_WHAT YOU NEED TO DO_
Write the listing out once more, identical to the original but without pictures.

_GIVEN DATA_
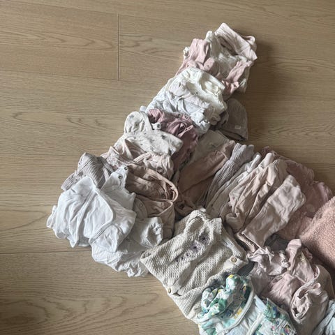 Klespakke med mange fine plagg. Alt er i en fin tilstand on har ikke synlige bruksmerker. Jakken er litt skitten men ellers så ser alt veldig bra ut. Pysjen er laget mest sannsynlig av polyester og er veldig varm og god
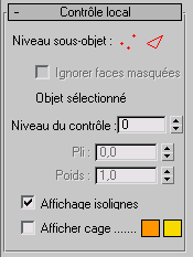 Permet de visualiser le maillage de contrôle après une ou plusieurs itérations, ainsi que de modifier les points et arêtes de sous-objets à ce niveau. Les commandes Transformation et le paramètre Poids sont disponibles pour tous les sous-objets et à tous les niveaux. Le paramètre Pli est uniquement disponible au niveau de sous-objet Arête.
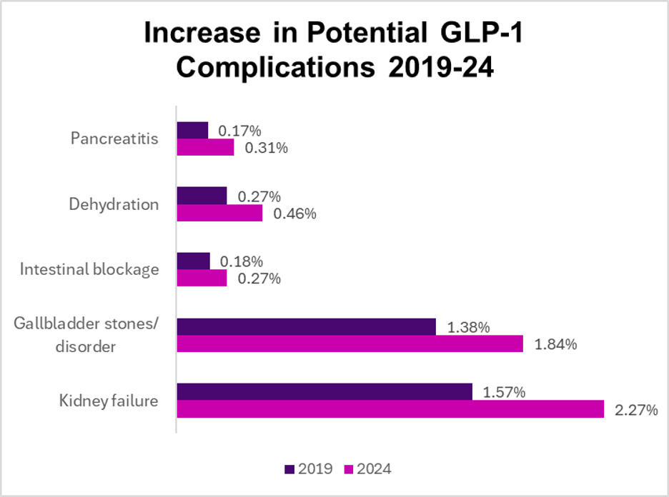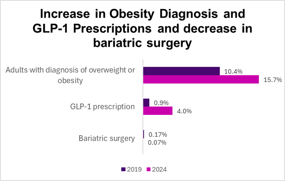 Fair Health reported that in 2024, 40% fewer people had bariatric surgery compared to 2019. Few of those who had bariatric surgery were prescribed GLP-1s afterward (rounded to 0%).
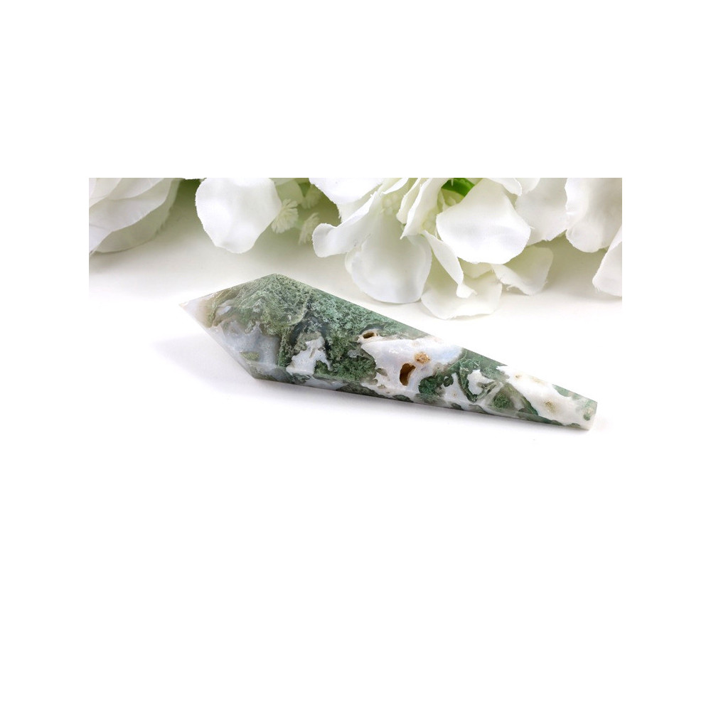 Tato exkluzivní hůlka je vytvořena z pravého brazilského mechového achátu s charakteristickými zelenobílými vzory, které připomínají jemné rostlinné útvary nebo mechové krajiny. Každý vzorek je příroda vytvořila jedinečně, což z této hůlky činí naprosto originální kus. Kámen má dokonale vybroušený tvar špice s vysoce leštěným povrchem, který krásně odráží světlo a zvýrazňuje jeho přírodní krásu. Štíhlá protáhlá forma hůlky příjemně padne do ruky a je ideální pro energetickou práci i dekorativní účely.
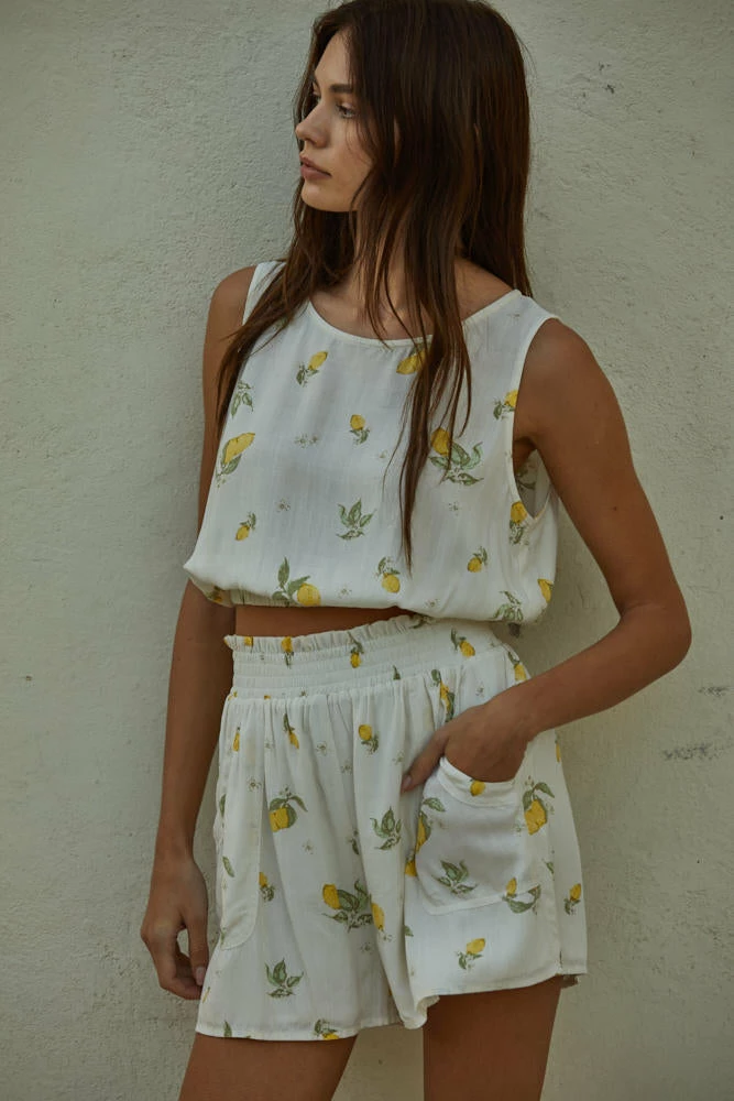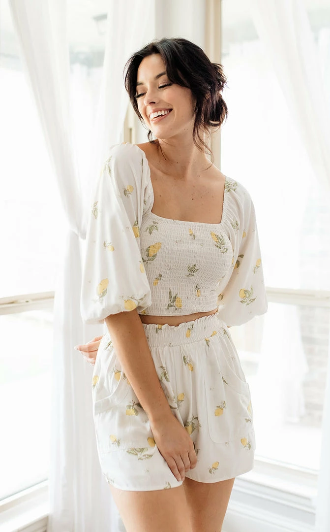This cotton set just screams summertime! Our Lemon Zest Linen High Rise Shorts look fabulous with the matching top and slide sandals. These ivory high rise shorts have an elastic smocked waist.

_RESPONSE TO THE EXERCISE_
 Klespakke med mange fine plagg. Alt er i en fin tilstand on har ikke synlige bruksmerker. Jakken er litt skitten men ellers så ser alt veldig bra ut. Pysjen er laget mest sannsynlig av polyester og er veldig varm og god
 Permet de visualiser le maillage de contrôle après une ou plusieurs itérations, ainsi que de modifier les points et arêtes de sous-objets à ce niveau. Les commandes Transformation et le paramètre Poids sont disponibles pour tous les sous-objets et à tous les niveaux. Le paramètre Pli est uniquement disponible au niveau de sous-objet Arête.
 Fair Health reported that in 2024, 40% fewer people had bariatric surgery compared to 2019. Few of those who had bariatric surgery were prescribed GLP-1s afterward (rounded to 0%).
 Tato exkluzivní hůlka je vytvořena z pravého brazilského mechového achátu s charakteristickými zelenobílými vzory, které připomínají jemné rostlinné útvary nebo mechové krajiny. Každý vzorek je příroda vytvořila jedinečně, což z této hůlky činí naprosto originální kus. Kámen má dokonale vybroušený tvar špice s vysoce leštěným povrchem, který krásně odráží světlo a zvýrazňuje jeho přírodní krásu. Štíhlá protáhlá forma hůlky příjemně padne do ruky a je ideální pro energetickou práci i dekorativní účely.
This cotton set just screams summertime! Our Lemon Zest Linen High Rise Shorts look fabulous with the matching top and slide sandals. These ivory high rise shorts have an elastic smocked waist.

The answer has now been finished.